Content-Transfer-Encoding: 7bit

----- Original Message -----
> I think I've found the cause of the assertion I was hitting. Recovery
> sets sd_log_flush_head but does not take locks which means a concurrent
> call to gfs2_log_flush() can result in sd_log_head being set to
> sd_log_flush_head. A later call to gfs2_log_flush() will then hit an
> assertion failure in log_pull_tail() because the mismatch between
> sd_log_head and sd_log_tail means too many blocks are freed.
> 
> I've worked around it by taking the log_flush lock in the patch below
> and it seems to avoid the problem. However, tracing the recovery process
> I see that it sets sd_log_flush_head and then calls clean_journal() ->
> gfs2_write_log_header() -> gfs2_log_bmap() -> gfs2_log_incr_head(). This
> has:
> 
> 	BUG_ON((sdp->sd_log_flush_head == sdp->sd_log_tail) &&
> 	       (sdp->sd_log_flush_head != sdp->sd_log_head));
> 
> ... but sd_log_tail and sd_log_head have not been set by
> gfs2_recover_func() so it might still BUG_ON() during recovery if you're
> particularly unlucky.
> 
> I had a look at your "GFS2: Withdraw corruption patches [V2]" series but
> I didn't see anything that might fix this.
> 
> If you think this patch is useful then I can send it as a proper patch
> to the list.
> 
> Thanks,
> Ross
> 
> --------------
> 
> gfs2: Take log_flush lock during recovery
> 
> Recovery sets sd_log_flush_head but does not take any locks which means
> a concurrent call to gfs2_log_flush can result in sd_log_head being set
> to sd_log_flush_head. A later call to gfs2_log_flush will then hit an
> assertion failure in log_pull_tail because the mismatch between
> sd_log_head and sd_log_tail means too many blocks are freed.
> 
> gfs2: fsid=xapi-clusterd:88a31b8e-4072-b0.1: fatal: assertion
> "atomic_read(&sdp->sd_log_blks_free) <= sdp->sd_jdesc->jd_blocks" failed
> function = log_pull_tail, file = fs/gfs2/log.c, line = 510

Hi Ross,

I think you found a valid bug, but that's not the proper solution.
The reason is: I think journal replay and journal flushing should both be
protected by the exclusive (EX) glock taken on the journal itself.

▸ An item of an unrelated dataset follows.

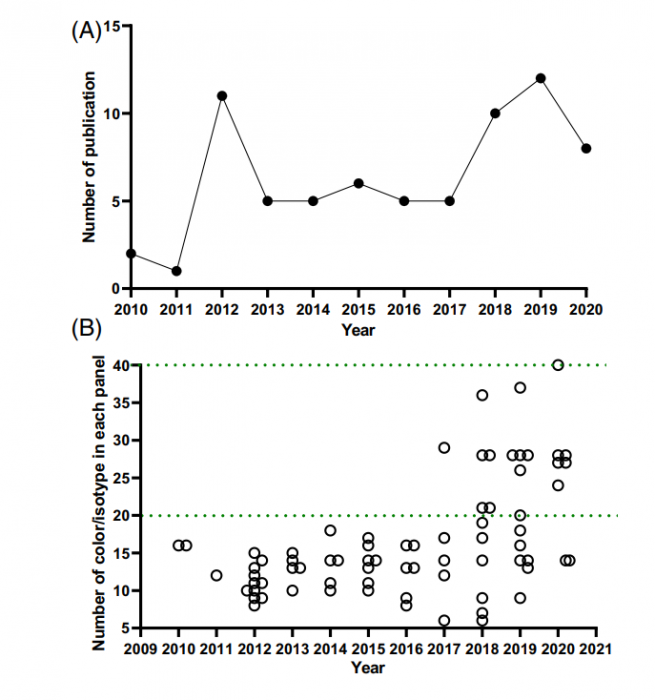 The “optimized multicolor immunofluorescence panel” OMIP publication format was launched 11 years ago as a collaborative platform to establish criteria for experimental design, data collection, and analysis [1]. An OMIP is, by definition, a peer-reviewed publication reporting on carefully validated antibodies, reagents, and protocols for the multiparameter characterization of a specific cell state or response. Together with the MIFlowCyt standard (minimal information about a flow cytometry experiment) [2] initiative, it addresses the need to generate consistently reproducible data. It is also a way to acknowledge the efforts of the developer of the panel through the citation of the publication.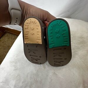 Monkey Squeaky Toddler Sandals, These whimsical brown sandals feature a playful monkey face design, perfect for adding a touch of fun to any outfit. The secure strap ensures a comfortable fit, while the contrasting sole adds a pop of color. See last picture, white patchy area, sold it.

I think the problem may actually be a regression with patch 588bff95c94ef.
Because of that patch, function clean_journal now sets sdp->sd_log_flush_head
but its caller, gfs2_recover_func, is used to recover any node's journal, not
just its own. The bug is that clean_journal should only set sd_log_flush_head
if (and only if) it's replaying its own journal, not someone else's.
If it sets sd_log_flush_head while replaying another node's journal, that
will only lead to a problem like this.

I'll try and whip up another patch and perhaps you can test it for me.

FWIW, I've never seen this problem manifest on my recovery tests, but it
still might be causing some of the weird problems I'm seeing.

Regards,

Bob Peterson
Red Hat File Systems